Edwina gruñó. Su hermana mayor aún conservaba el temple que había tenido más de cincuenta años atrás y también su juventud y belleza. Ella, por el contrario, con cada transformación, se encorvaba más y más. Sus manos, con el paso del tiempo, se asemejaban a garras deformadas en lugar de a las manos delicadas de la chica de veinte años que era cuando la maldijeron. El proceso era lento, pero constante. Quizás en otros cincuenta años no pudiera volver a transformarse en humana o tal vez estuviera condenada a vivir como un monstruo deforme el resto de la eternidad.
—No pienses en eso —dijo Endora, sacándola de golpe de sus pensamientos—. No has hecho nada tan malo para acabar así. No has transgredido ninguna norma.
—Ya lo hice. Las tres lo hicimos. Por eso estamos malditas. Jugamos con fuego y nos quemamos. Tentamos al diablo y él nos castigó.
Endora se culpaba a diario por no haber sido capaz de reconocer a tiempo los huesos humanos y por no ser lo suficientemente experta como para detener el ritual correctamente. Ella había interrumpirlo el proceso de forma abrupta y las había condenado a vivir en el cuerpo de un animal durante toda la eternidad, pero había conseguido salvar sus almas de las garras del diablo. A causa de la maldición, ella había acabado atrapada en el cuerpo de un gato, Edwina en el de un cuervo y Evelyn en el de una serpiente. Suyos eran ahora los huesos que Evelyn había encontrado en el bosque junto a los huesos humanos y el castigo de volver a un cuerpo humano para alimentarse de sangre tan solo una vez al año durante el resto de la eternidad. La única norma que no podían transgredir, era la de hacer daño a alguien de su misma especie.
—No me refiero al ritual —explicó Endora, tranquilamente—. Me refiero a que solo le hiciste un rasguño.

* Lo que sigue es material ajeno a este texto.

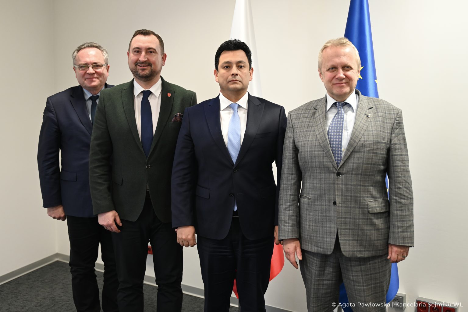 12 lutego 2025 r. Przewodniczący Sejmiku Województwa Lubelskiego, prof. Mieczysław Ryba, wraz z Wicemarszałkiem Województwa Lubelskiego, Markiem Grzegorzem Wojciechowskim oraz Przewodniczącym Komisji Rozwoju Regionalnego i Współpracy Zagranicznej, Zbigniewem Wojciechowskim, spotkał się z Ambasadorem Uzbekistanu w Polsce, Amirsaidem Agzamkhodjaevem. W rozmowach uczestniczyli również Mirzokhid Alikulov, Dyrektor Sekcji Współpracy Gospodarczej, oraz asystent ambasadora Sardor Akhmatov.

—¡Y por eso me estoy convirtiendo lentamente en un monstruo! —exclamó Edwina.
La chica, se cubrió el rostro con las manos y rompió a llorar. Años atrás había herido a un niño sin querer, con la única intención de salvarlo de Evelyn, de su querida Evelyn, la más implicada en el ritual, la más afectada por la maldición y la más hambrienta. Su hambre era proporcional a su implicación en el ritual.

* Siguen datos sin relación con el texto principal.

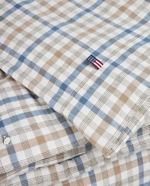 Pakk deg inn i ren hygge med vårt dette sengesettet – der myk komfort møter tidløs eleganse. Den lune fargekombinasjonen av misty blue, beige og hvitt gir soverommet et rolig, innbydende preg året rundt. Veid av garndyede melangegarn i et klassisk rutemønster, får du et uttrykk som både er stilfullt og koselig.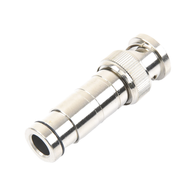 Conector BNC Macho en 75 Ohm, de Compresión Axial para Cable Coaxial RG-59/U, Níquel/ Oro/ Politetrafluoroetileno.

Se escuchó entonces el tintinear de unas cadenas. Las dos hermanas guardaron silencio y se volvieron hacia la oscuridad del bosque con los ojos muy abiertos. El sonido se acercaba y, poco a poco, se podían distinguir los pesados pasos que acompañaban a aquel suave murmullo. A medida que se acercaba al claro, la luz de la luna comenzó a iluminar a la figura bípeda, negruzca y abultada que había perdido su forma humana. Aquel ser, tan solo conservaba algunos cabellos negros en la que antes fue su cabeza, tenía los ojos hundidos y los dientes le sobresalían en las mandíbulas desencajadas, sanguinolentos y babeantes. En lo que antes habían sido unas muñecas frágiles, estaban incrustados unos grilletes de metal que arrastraban algunas cadenas rotas. Aquel engendro, respiraba con dificultad y tenía el cuerpo cubierto de pústulas que supuraban un líquido verdoso y mal oliente.
Endora y Edwina, atemorizadas, no movieron un solo músculo. Evelyn, o lo que quedaba de ella, no solo había roto las cadenas y escapado de la cueva en la que estaba presa, sino que había probado la sangre y traía alimento para ellas también.

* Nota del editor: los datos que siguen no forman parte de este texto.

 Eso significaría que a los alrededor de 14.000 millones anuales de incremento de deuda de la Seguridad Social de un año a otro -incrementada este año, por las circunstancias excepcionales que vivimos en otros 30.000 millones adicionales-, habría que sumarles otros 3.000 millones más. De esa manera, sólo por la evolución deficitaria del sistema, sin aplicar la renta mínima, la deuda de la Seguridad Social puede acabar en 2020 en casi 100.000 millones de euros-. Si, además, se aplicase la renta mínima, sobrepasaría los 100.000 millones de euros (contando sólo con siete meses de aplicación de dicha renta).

El monstruo, arrastró del cabello suave y brillante, hasta el claro, los cuerpos destrozados de dos niñas de no más de ocho años y esbozó como pudo una sonrisa. Desde su primera noche como maldita el alimento favorito de Evelyn habían sido los niños humanos. Ella había aceptado con gusto su castigo, había aceptado perder su humanidad a cambio de saciar su hambre y deseaba que sus hermanas también pudieran saciar la suya.